• **COLLECTED DATA**

——————

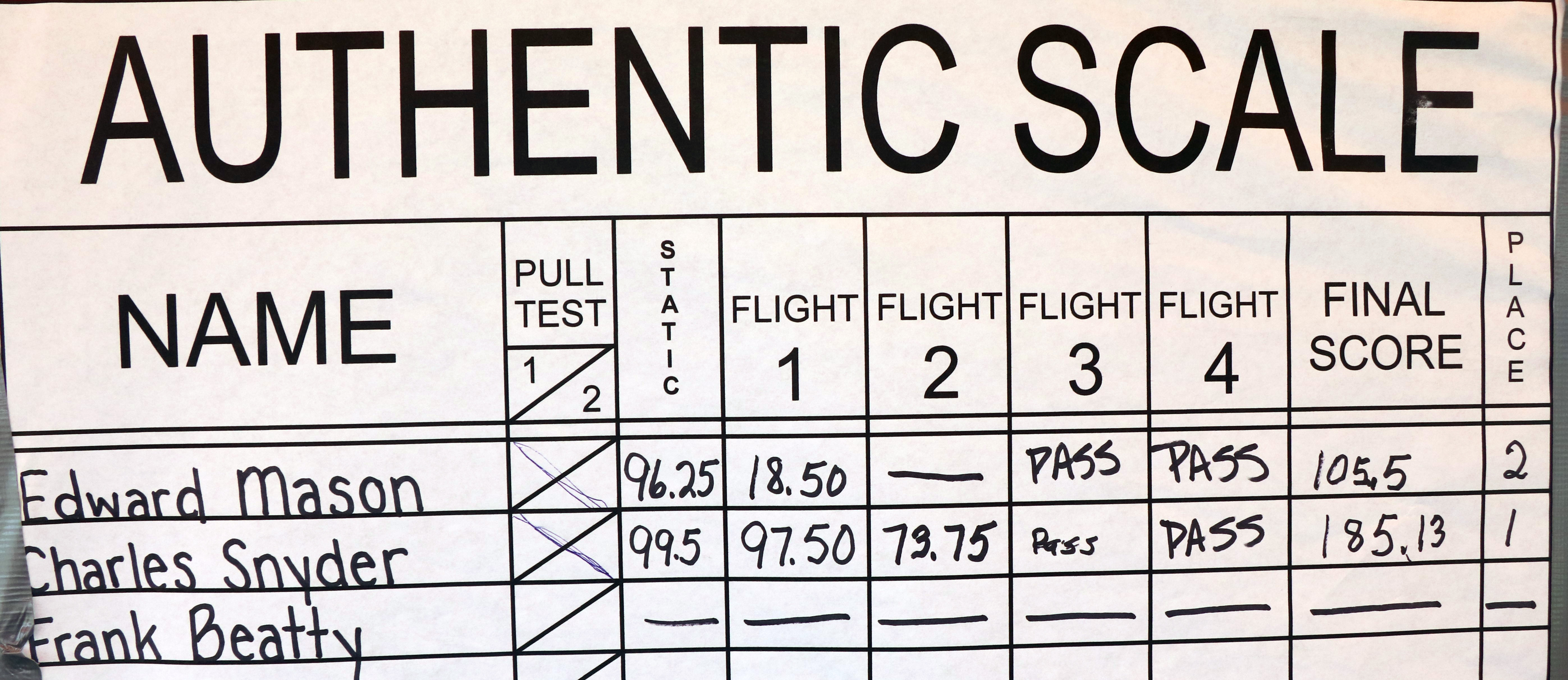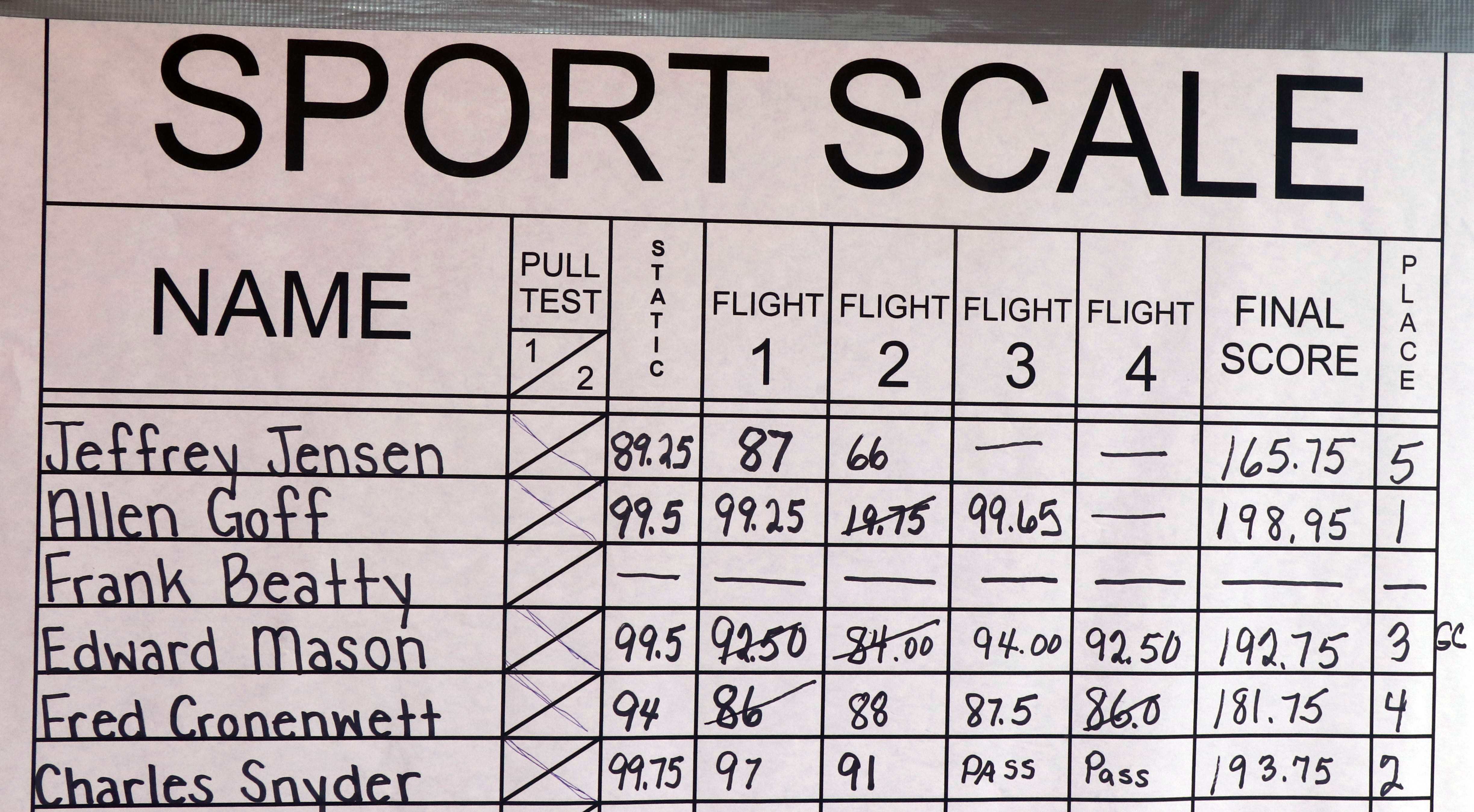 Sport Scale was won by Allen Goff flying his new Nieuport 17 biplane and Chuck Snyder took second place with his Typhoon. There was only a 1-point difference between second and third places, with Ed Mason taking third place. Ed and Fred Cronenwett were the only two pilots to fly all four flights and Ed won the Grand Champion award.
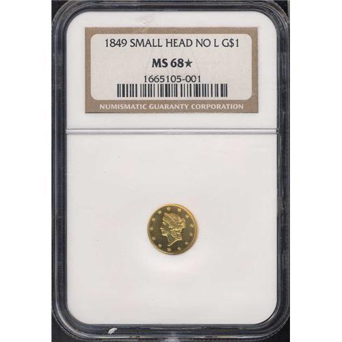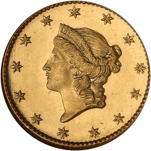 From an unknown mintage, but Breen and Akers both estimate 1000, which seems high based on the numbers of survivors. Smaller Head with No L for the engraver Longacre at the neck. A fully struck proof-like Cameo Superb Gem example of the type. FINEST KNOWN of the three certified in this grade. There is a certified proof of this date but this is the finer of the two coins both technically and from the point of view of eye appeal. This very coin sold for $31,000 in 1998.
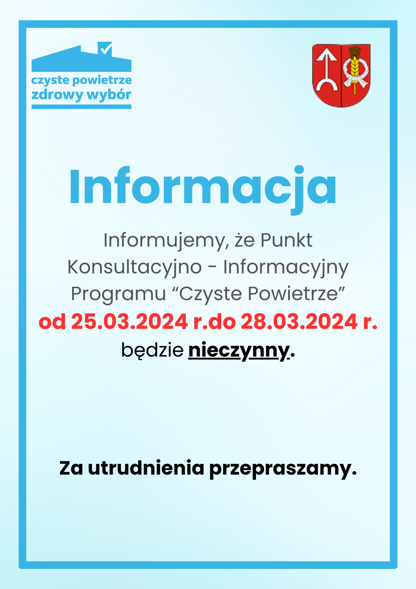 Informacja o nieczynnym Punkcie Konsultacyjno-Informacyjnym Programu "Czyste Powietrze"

——————

• **ASSIGNED TASK**
Leave the pictures out, and print every line of the listing exactly as written.

• **SOLUTION TO THIS PROBLEM**
 Sport Scale was won by Allen Goff flying his new Nieuport 17 biplane and Chuck Snyder took second place with his Typhoon. There was only a 1-point difference between second and third places, with Ed Mason taking third place. Ed and Fred Cronenwett were the only two pilots to fly all four flights and Ed won the Grand Champion award.
 From an unknown mintage, but Breen and Akers both estimate 1000, which seems high based on the numbers of survivors. Smaller Head with No L for the engraver Longacre at the neck. A fully struck proof-like Cameo Superb Gem example of the type. FINEST KNOWN of the three certified in this grade. There is a certified proof of this date but this is the finer of the two coins both technically and from the point of view of eye appeal. This very coin sold for $31,000 in 1998.
 Informacja o nieczynnym Punkcie Konsultacyjno-Informacyjnym Programu "Czyste Powietrze"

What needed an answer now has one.